Reflection in x-axis— maps
Reflection in y-axis— maps
Reflection in y=x—maps

4. Translation A transformation that acts like a slide.
Translations are mapped by vectors.

5. Rotation A transformation that acts like a turn about a fixed point.
If the point is the center of rotation, then the image and preimage are the same point.
If the point is not the center of rotation, then the image and preimage are the same distance from the center of rotation and the angle of rotation formed by the preimage, center of rotation, and image points is x.

6. Clockwise Rotations

7. Compostions of Transformations
When 2 or more transformations are applied to a geometric figure.

8. Glide Reflection
A translation followed by a reflection.

9. Theorem 9.1 Compostion of Isometries
The composition of 2 or more isometries is an isometry.

10. Theorem 9.2 Reflections in Parallel Lines
A composition of two reflections in parallel lines can be described by a translation vector that is
perpendicular to the two lines, and
twice the distance between the two lines
A reflection in parallel lines is a translation.

11. Theorem 9.3 Reflections in intersecting lines
The composition of two reflections in intersecting lines can be described by a rotation.
about the point of intersection.
through an angle that is twice the measure of the acute or right angel formed by the lines.
A reflection in intersecting lines is a rotation.

12. Symmetry
When a figure can be mapped onto itself by a reflection, rotation, translation or other rigid transformation.

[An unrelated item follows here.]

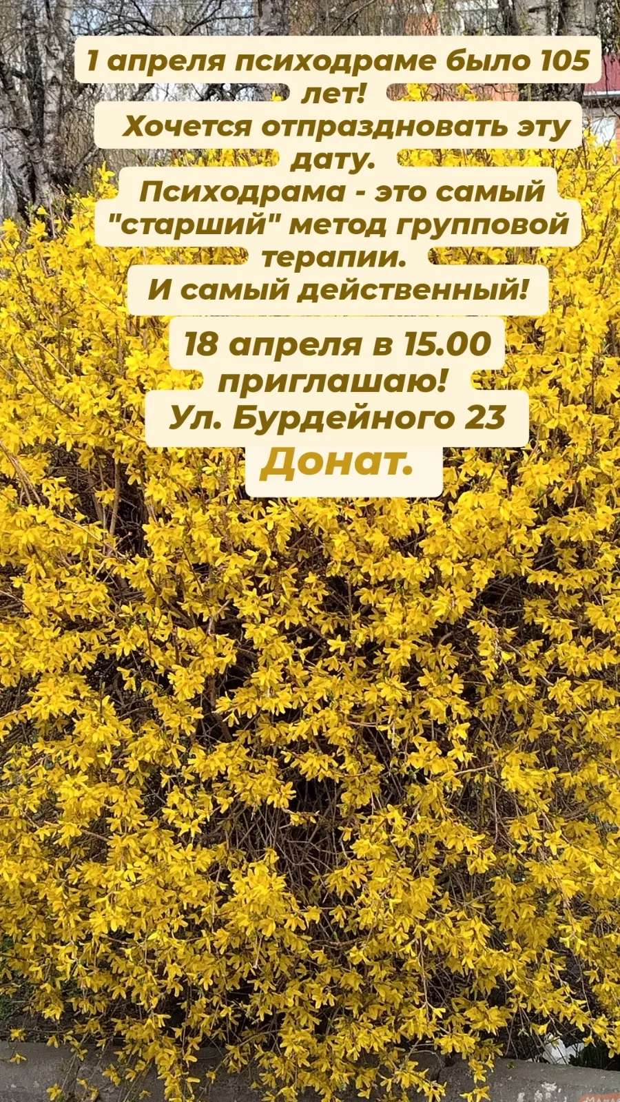 18 апреля в 15.00 приглашаю на очный психодраматический мастер-кла!

13. Linear Symmetry (Reflection Symmetry)
A line in a figure where it can be mapped onto itself by a reflection in the line.

14. Rotational Symmetry
When a figure can be mapped onto itself by a rotation between 0 and 360 degrees.
Order of symmetry--# of times a figure can be mapped onto itself.
Magnitude of symmetry—the smallest angle measure that a figure can be rotated onto itself.
Magnitude = 360 divided by order.

15. Plane Symmetry
When a three-dimensional figure can be mapped onto itself by a reflection in a plane.

16. Axis Symmetry
When a three-dimensional figure can be mapped onto itself by a rotation between 0 and 360 degrees in a line.

17. Dilations
A transformation that enlarges or reduces the original figure proportionally.

18. Center of Dilation
The fixed point that dilations are performed with respect to.

19. Scale factor of Dilation
The ratio of a length on the image to a corresponding length on the preimage.

20. Enlargement A dilation with a scale factor greater than 1.
(an image is larger than the preimage.)

21. Reduction A dilation with a scale factor between 0 & 1.
(an image is smaller than the preimage.)